TV Upfront

Pushing for an interview with the pope

Published on .

Neil Cavuto, anchor and managing editor of business news for Fox News Channel, is set to play a large role in News Corp.'s latest venture, Fox News Business Channel. Mr. Cavuto talked to Advertising Age's Claire Atkinson about the upfront as an economic indicator and his views on business stories. Below is an edited transcript.

Is the upfront a major economic indicator or a little bubble out there on its own?

It's a little bubble on its own, but it's a good barometer. Normally, people who put more money on the table are betting that there's going to be [a strong economy], but there is ongoing skittishness about war and oil and rates. I think there'll be some surprises with the upfront.
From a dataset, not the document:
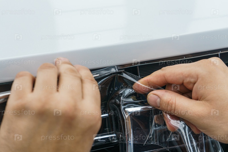 Рабочий режет прозрачную пленку на автомобиле, чтобы защитить его от гравия и царапин на капоте белого автомобиля. Нанесение прозрачной защитной пленки на краску

I'm noticing more optimism now; we're seeing more optimism from Dell, Microsoft and Alcoa. They're seeing demand picking up in regions of the world ... when a company puts out more optimistic statements, they don't do that cavalierly.

What's Fox's angle on business news? How do you do it differently?

We tend to look at the whole picture. I'm guilty of being an optimist and being positive because I see good numbers. You predict enough crashes and real estate fallouts, and eventually, like a broken clock, you'll be right.The pessimists have been woefully wrong.

How is the tone different though?

Economic news has been reported in a very monotone way-if it's about numbers, it's automatically dull. It's assumed you don't have a personality if you're interested in this stuff. ... This stuff jazzes me.

Who is your next big get?

I've been fortunate to talk to every president since Jimmy Carter. I'd love to talk to the pope, that's a tough booking. The pope has so much influence without any army or state leadership.

Have you called him?

Oh yes, we've tried for Pope Benedict, but I'm not holding my breath.